▶ _Instructions for the task_: Pictures aside, print all of the data below exactly as written.

▶ _Information supplied_:
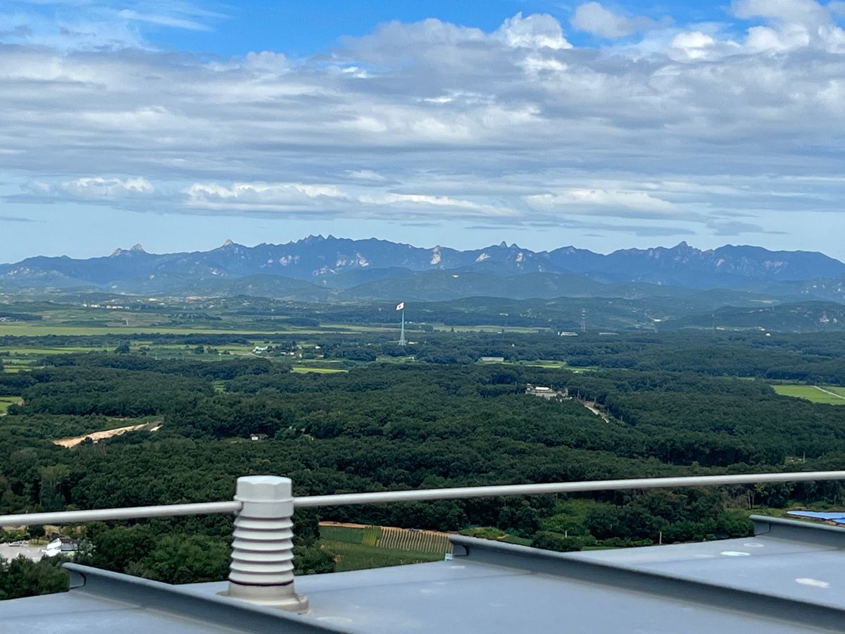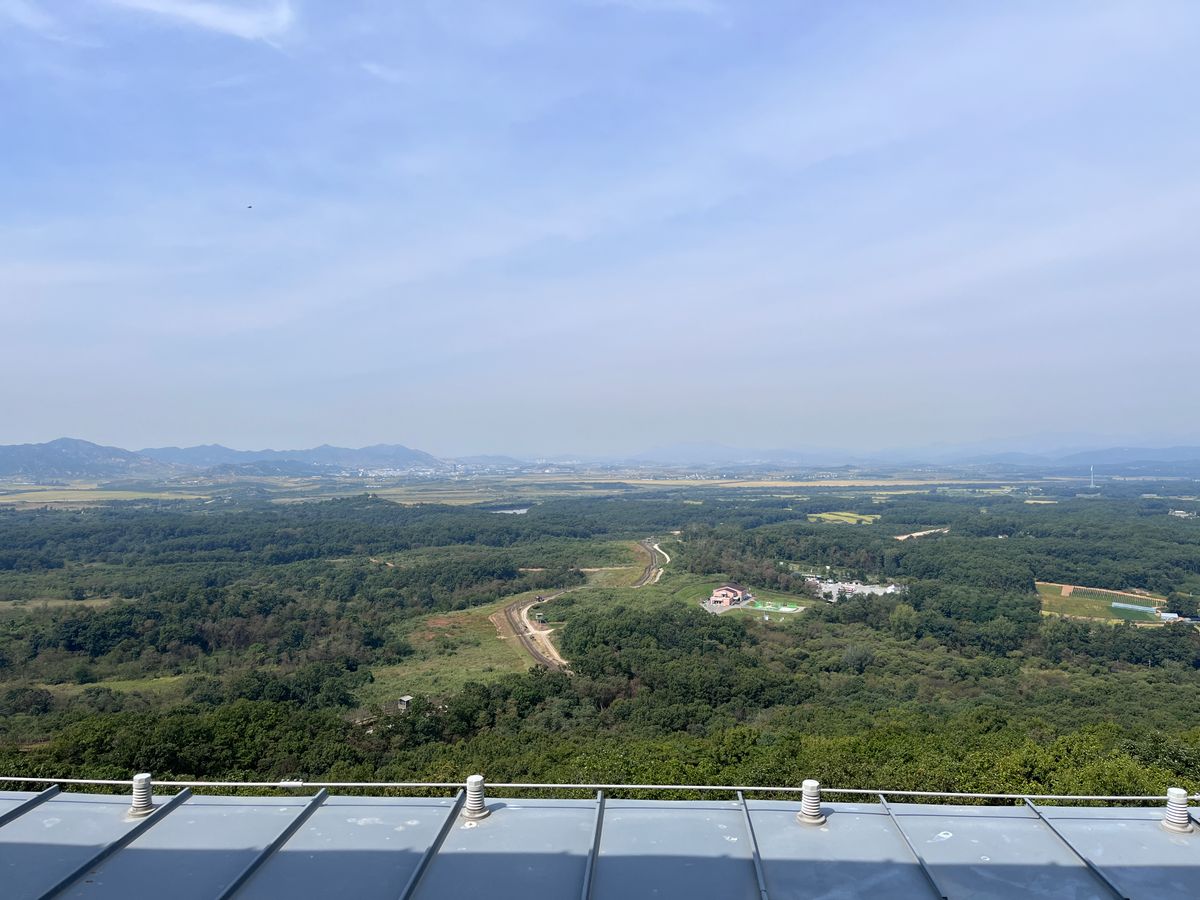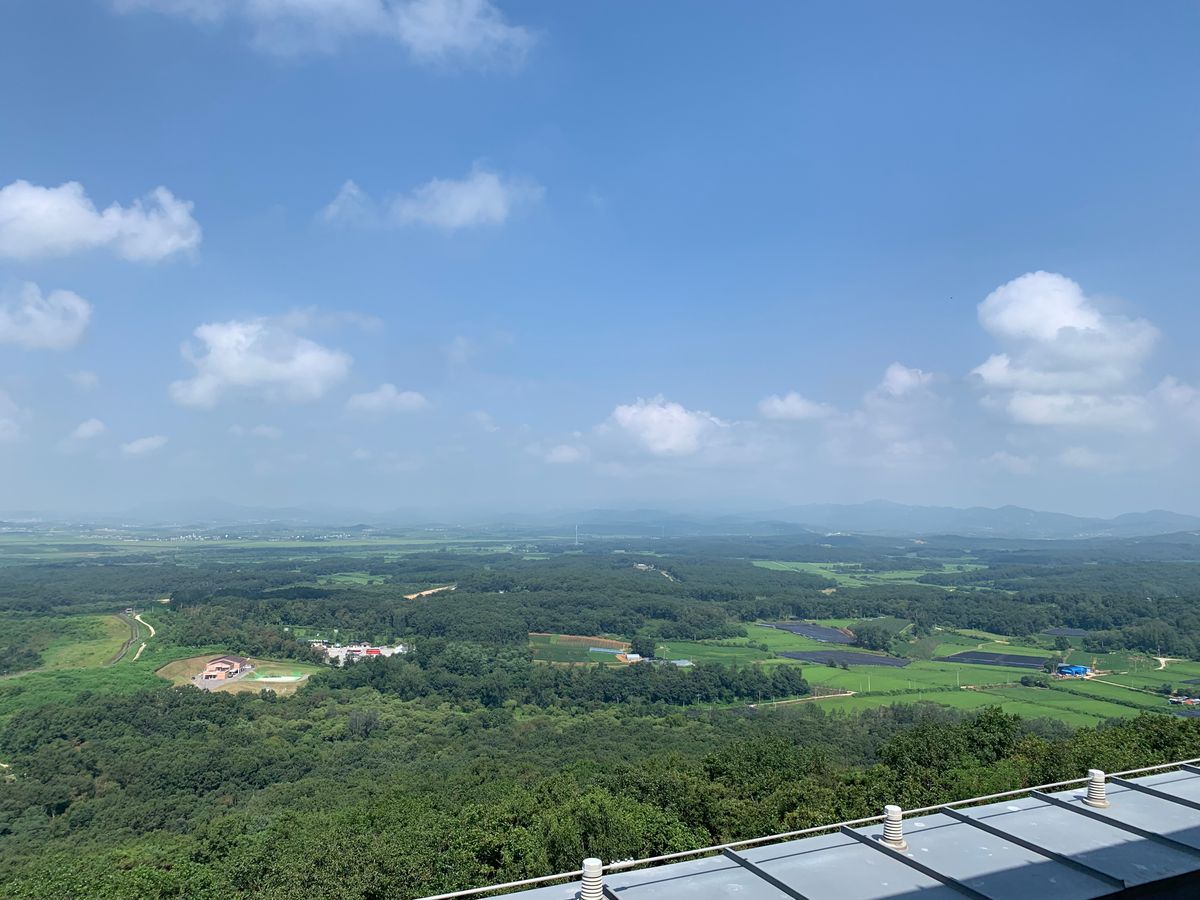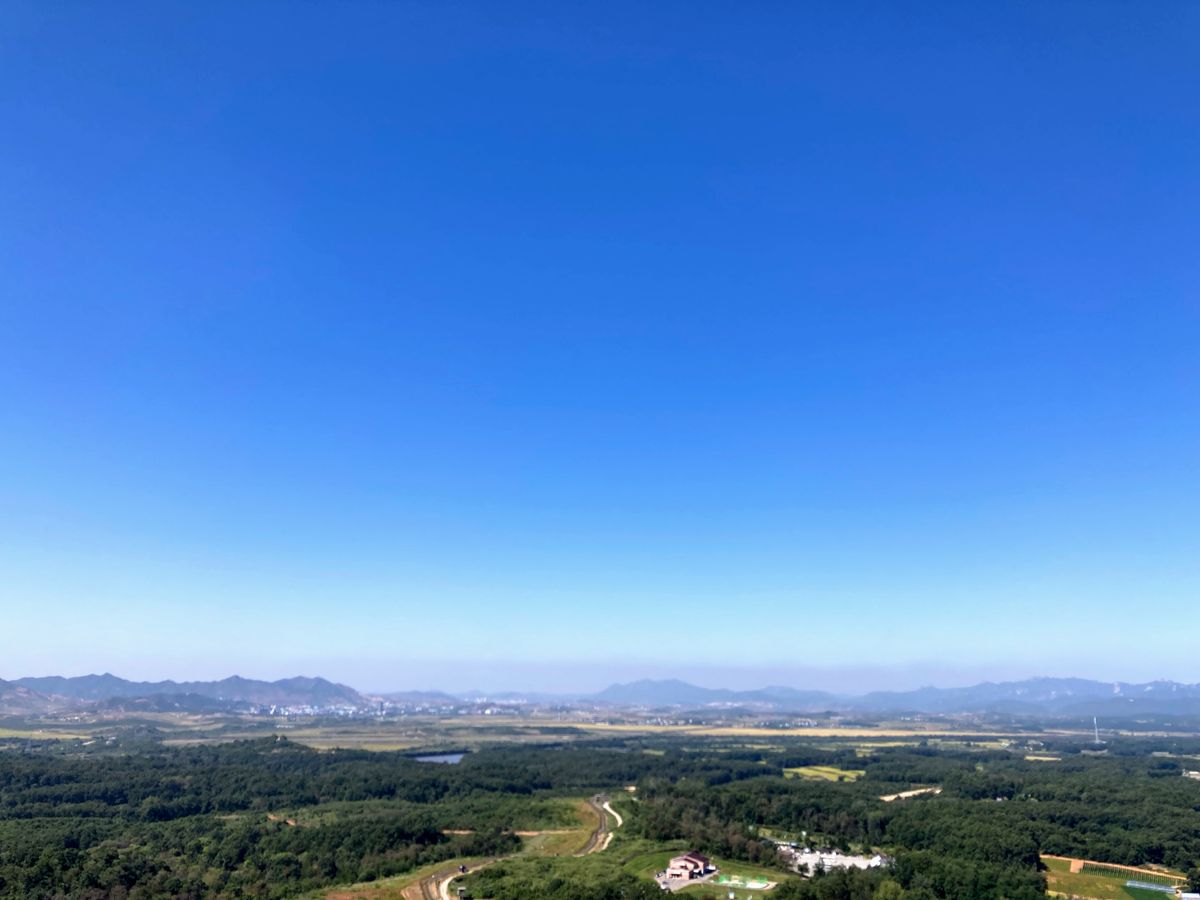 天気が良かったので北朝鮮の景色もよく見られました。人や牛が歩いているのがわかるほど。その一方でソウルから1時間の距離という現実が恐ろしく感じられました。
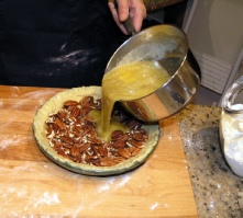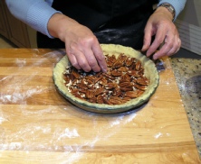 Pour the filling over the pecans. Push the pecans down with a fork so they stay under the filling.
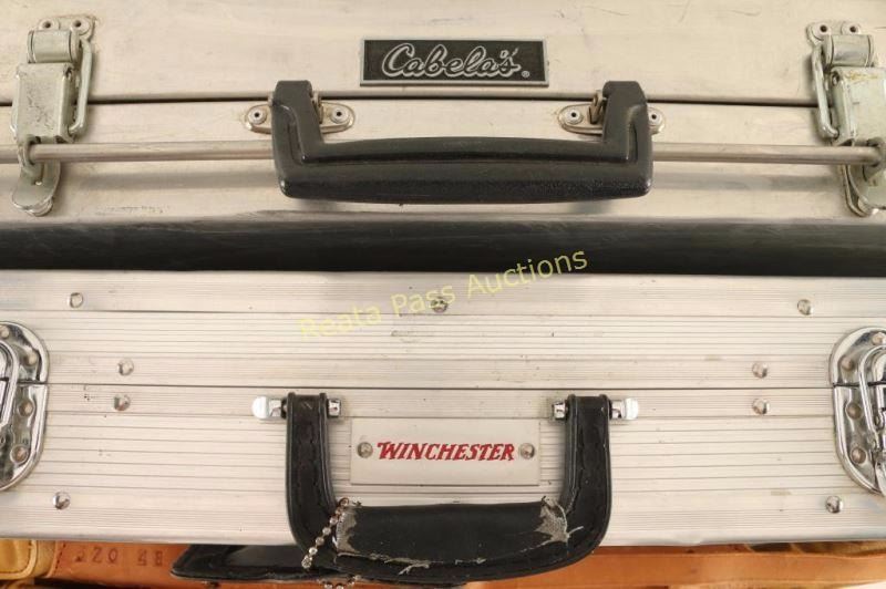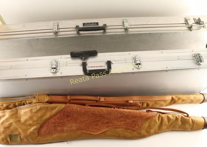 2 leather soft cases partially tooled with floral motif with zippers, 1 Winchester aluminum foam lined case with wheels, and 1 Cabelas aluminum foam lined case. All in good condition.
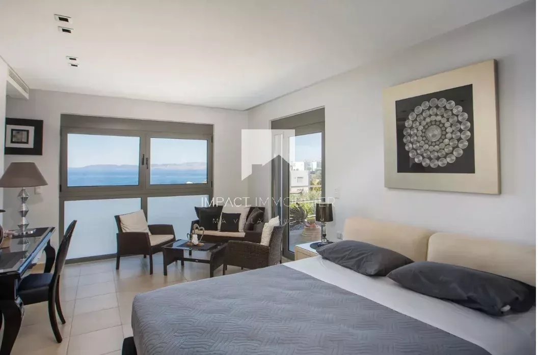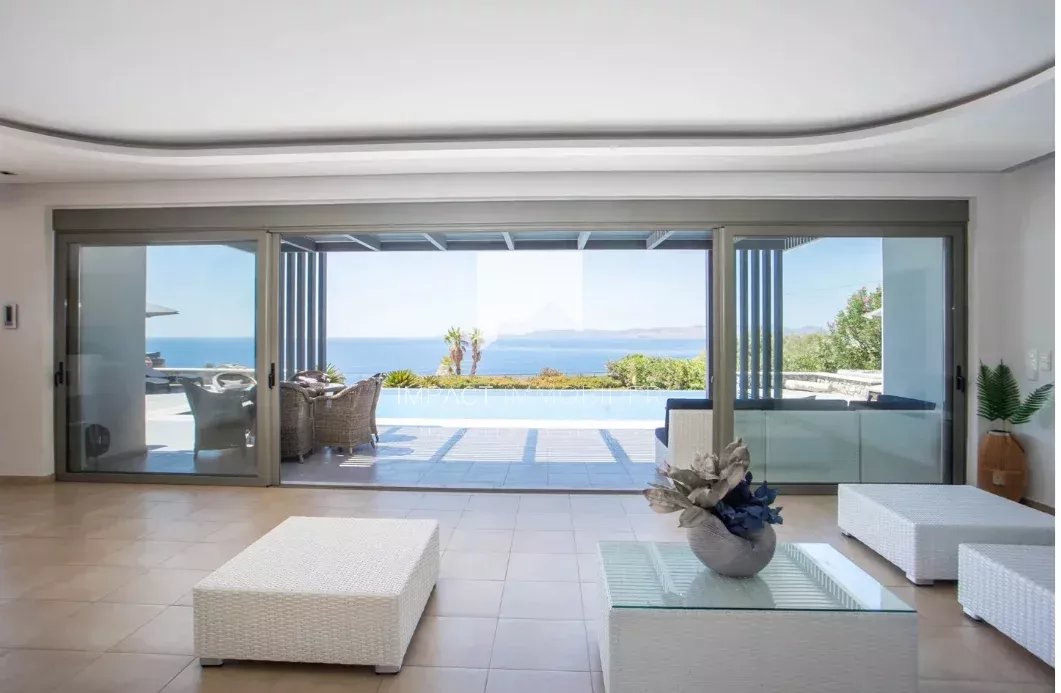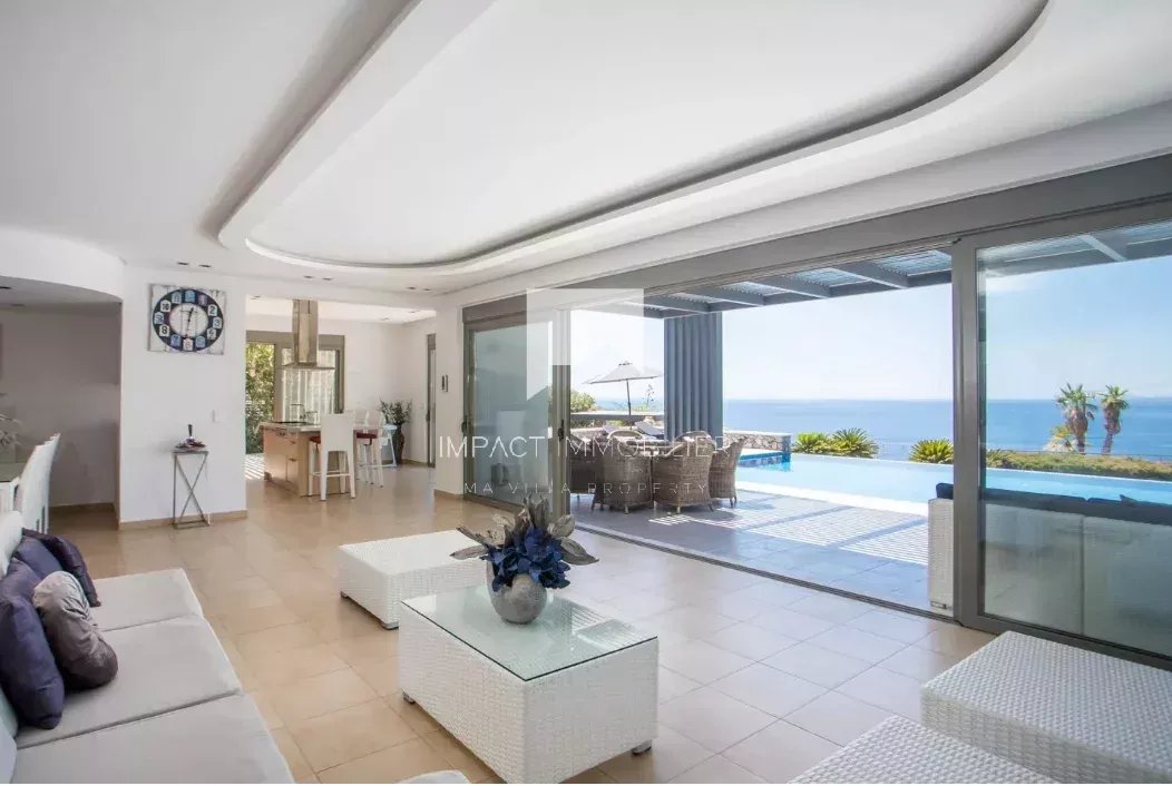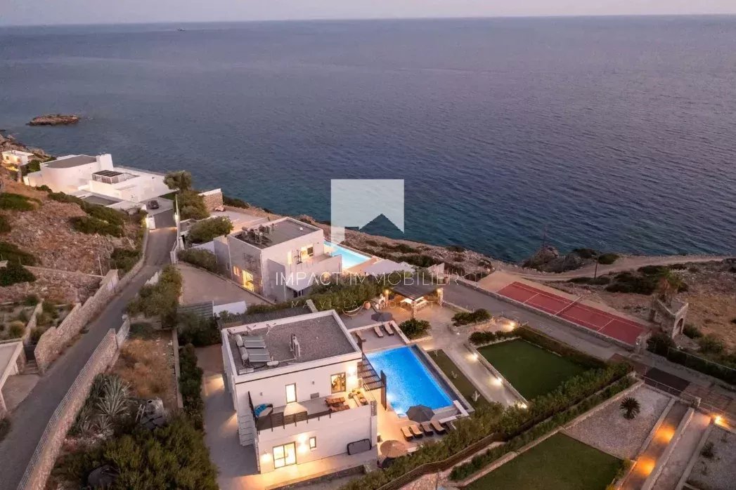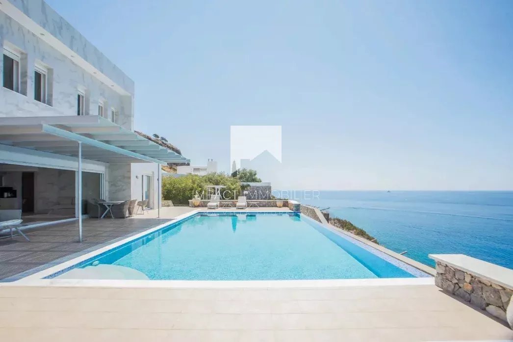 Développant 340 m², cette résidence construite en 2011 bénéficie d’une vue imprenable et dégagée sur la mer Égée. Chaque détail a été soigneusement pensé pour offrir un cadre de vie haut de gamme.

▶ _Output_:
 天気が良かったので北朝鮮の景色もよく見られました。人や牛が歩いているのがわかるほど。その一方でソウルから1時間の距離という現実が恐ろしく感じられました。
 Pour the filling over the pecans. Push the pecans down with a fork so they stay under the filling.
 2 leather soft cases partially tooled with floral motif with zippers, 1 Winchester aluminum foam lined case with wheels, and 1 Cabelas aluminum foam lined case. All in good condition.
 Développant 340 m², cette résidence construite en 2011 bénéficie d’une vue imprenable et dégagée sur la mer Égée. Chaque détail a été soigneusement pensé pour offrir un cadre de vie haut de gamme.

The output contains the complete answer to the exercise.